The choice of solvent for the photoresist composition and the concentration thereof depends principally on the type of functionalities incorporated in the acid labile polymer, the photoacid generator, and the coating method. The solvent should be inert, should dissolve all the components in the photoresist, should not undergo any chemical reaction with the components and should be re-removable on drying after coating. Suitable solvents for the photoresist composition may include ketones, ethers and esters, such as methyl ethyl ketone, methyl isobutyl ketone, 2-heptanone, cyclopentanone, cyclohexanone, 2-methoxy-1-propylene acetate, 2-ethoxyethyl acetate, I-methoxy-2-propyl acetate, 1,2-dimethoxy ethane ethyl acetate, cellosolve acetate, propylene glycol monoethyl ether acetate, methyl pyruvate, ethyl pyruvate, methyl 3-methoxypropionate, ethyl 3-methoxypropionate, N-methyl-2-pyrrolidone, 1,4-dioxane, diethylene glycol dimethyl ether, and the like.

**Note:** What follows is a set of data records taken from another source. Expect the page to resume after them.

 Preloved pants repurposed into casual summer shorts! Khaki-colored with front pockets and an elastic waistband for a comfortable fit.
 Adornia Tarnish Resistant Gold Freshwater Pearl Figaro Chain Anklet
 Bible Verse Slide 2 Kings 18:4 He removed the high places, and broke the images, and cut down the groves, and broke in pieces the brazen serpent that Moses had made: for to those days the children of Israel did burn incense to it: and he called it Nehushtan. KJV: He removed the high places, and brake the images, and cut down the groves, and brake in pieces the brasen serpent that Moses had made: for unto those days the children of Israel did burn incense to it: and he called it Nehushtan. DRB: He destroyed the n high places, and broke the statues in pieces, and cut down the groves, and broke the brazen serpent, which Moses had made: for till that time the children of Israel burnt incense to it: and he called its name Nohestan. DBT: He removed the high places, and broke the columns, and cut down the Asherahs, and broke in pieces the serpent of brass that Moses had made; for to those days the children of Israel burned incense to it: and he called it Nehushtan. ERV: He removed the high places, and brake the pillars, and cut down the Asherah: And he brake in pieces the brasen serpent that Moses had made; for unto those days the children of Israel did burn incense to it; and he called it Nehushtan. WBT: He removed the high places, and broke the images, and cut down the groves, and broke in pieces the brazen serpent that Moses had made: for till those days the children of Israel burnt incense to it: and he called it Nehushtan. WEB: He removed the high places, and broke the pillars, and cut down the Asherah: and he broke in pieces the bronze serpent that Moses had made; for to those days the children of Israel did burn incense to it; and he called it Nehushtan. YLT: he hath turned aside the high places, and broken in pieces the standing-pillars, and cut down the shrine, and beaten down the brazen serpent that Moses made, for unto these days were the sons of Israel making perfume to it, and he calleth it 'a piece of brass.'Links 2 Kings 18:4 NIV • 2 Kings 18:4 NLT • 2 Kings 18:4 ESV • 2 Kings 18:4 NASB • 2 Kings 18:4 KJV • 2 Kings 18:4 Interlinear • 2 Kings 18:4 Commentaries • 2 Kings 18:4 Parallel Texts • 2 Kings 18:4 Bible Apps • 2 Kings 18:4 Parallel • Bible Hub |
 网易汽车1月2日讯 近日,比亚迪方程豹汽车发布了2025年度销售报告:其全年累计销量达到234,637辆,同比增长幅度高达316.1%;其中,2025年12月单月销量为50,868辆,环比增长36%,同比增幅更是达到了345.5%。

In an additional embodiment, base additives may be added to the photoresist composition. The purpose of the base additive is to scavenge protons present in the photoresist prior to being irradiated by the actinic radiation. The base prevents attack and cleavage of the acid labile groups by the undesirable acids, thereby increasing the performance and stability of the resist. The percentage of base in the composition should be significantly lower than the photoacid generator because it would not be desirable for the base to interfere with the cleavage of the acid labile groups after the photoresist composition is irradiated. The preferred range of the base compounds, when present, is about 3% to 50% by weight of the photoacid generator compound. Examples of useful bases include alkyl amines, cyclic amine, or salts of hydroxide ions. Suitable examples of base additives are 2-methylimidazole, triisopropylamine, 4-dimethylaminopryidine, 4,4′-diaminodiphenyl ether, 2,4,5-triphenylimidazole, tetrabutyl ammonium hydroxide and 1,5-diazobicyclo[4.3.0]non-5-ene.

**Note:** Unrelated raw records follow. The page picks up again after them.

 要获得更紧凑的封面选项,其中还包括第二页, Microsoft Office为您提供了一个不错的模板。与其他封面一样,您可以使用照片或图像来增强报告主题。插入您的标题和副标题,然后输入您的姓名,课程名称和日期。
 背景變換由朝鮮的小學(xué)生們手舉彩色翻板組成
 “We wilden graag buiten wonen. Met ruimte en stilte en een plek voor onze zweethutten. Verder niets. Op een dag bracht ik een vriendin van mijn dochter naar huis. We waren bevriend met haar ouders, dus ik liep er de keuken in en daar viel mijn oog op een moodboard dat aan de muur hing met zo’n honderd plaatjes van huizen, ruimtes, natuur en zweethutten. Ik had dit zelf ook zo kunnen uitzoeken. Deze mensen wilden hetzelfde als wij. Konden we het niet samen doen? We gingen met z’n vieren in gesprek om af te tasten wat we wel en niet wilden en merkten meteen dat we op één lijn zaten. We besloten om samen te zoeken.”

Dyes may be added to the photoresist to increase the absorption of the composition to the actinic radiation wavelength. The dye must not poison the composition and must be capable of withstanding the process conditions including any thermal treatments. Examples of suitable dyes are fluorenone derivatives, anthracene derivatives or pyrene derivatives. Other specific dyes that are suitable for photoresist compositions are described in U.S. Pat. No. 5,593,812, which is incorporated herein by reference.

The photoresist composition is applied uniformly to a substrate by known coating methods. For example, the coatings may be applied by spin-coating, dipping, knife coating, lamination, brushing, spraying, and reverse-roll coating. The coating thickness range generally covers values of about 0.1 to more than 10 μm. After the coating operation, the solvent is generally removed by drying. The drying step is typically a heating step called ‘soft bake’ where the resist and substrate are heated to a temperature of about 50° C. to 150° C. for about a few seconds to a few minutes; preferably for about 5 seconds to 30 minutes depending on the thickness, the heating element and end use of the resist.

The photoresist compositions are suitable for a number of different uses in the electronics industry. For example, it can be used as electroplating resist, plasma etch resist, solder resist, resist for the production of printing plates, resist for chemical milling or resist in the production of integrated circuits. The possible coatings and processing conditions of the coated substrates differ accordingly.

For the production of relief structures, the substrate coated with the photoresist composition is exposed imagewise. The term ‘imagewise’ exposure includes both exposure through a photomask containing a predetermined pattern, exposure by means of a computer controlled laser beam which is moved over the surface of the coated substrate, exposure by means of computer-controlled electron beams, and exposure by means of X-rays or UV rays through a corresponding mask.

Radiation sources, which can be used, are all sources that emit radiation to which the photoacid generator is sensitive. Examples include high pressure mercury lamp, KrF excimer lasers, ArF excimer lasers, electron beams and x-rays sources. The radiation is preferably of about 248 nm or less.

The process described above for the production of relief structures preferably includes, as a further process measure, heating of the coating between exposure and treatment with the developer. With the aid of this heat treatment, known as “post-exposure bake”, virtually complete reaction of the acid labile groups in the polymer resin with the acid generated by the exposure is achieved. The duration and temperature of this post-exposure bake can vary within broad limits and depend essentially on the functionalities of the polymer resin, the type of acid generator and on the concentration of these two components. The exposed resist is typically subjected to temperatures of about 50° C. to 150° C. for a few seconds to a few minutes. The preferred post exposure bake is from about 80° C. to 130° C. for about 5 seconds to 300 seconds.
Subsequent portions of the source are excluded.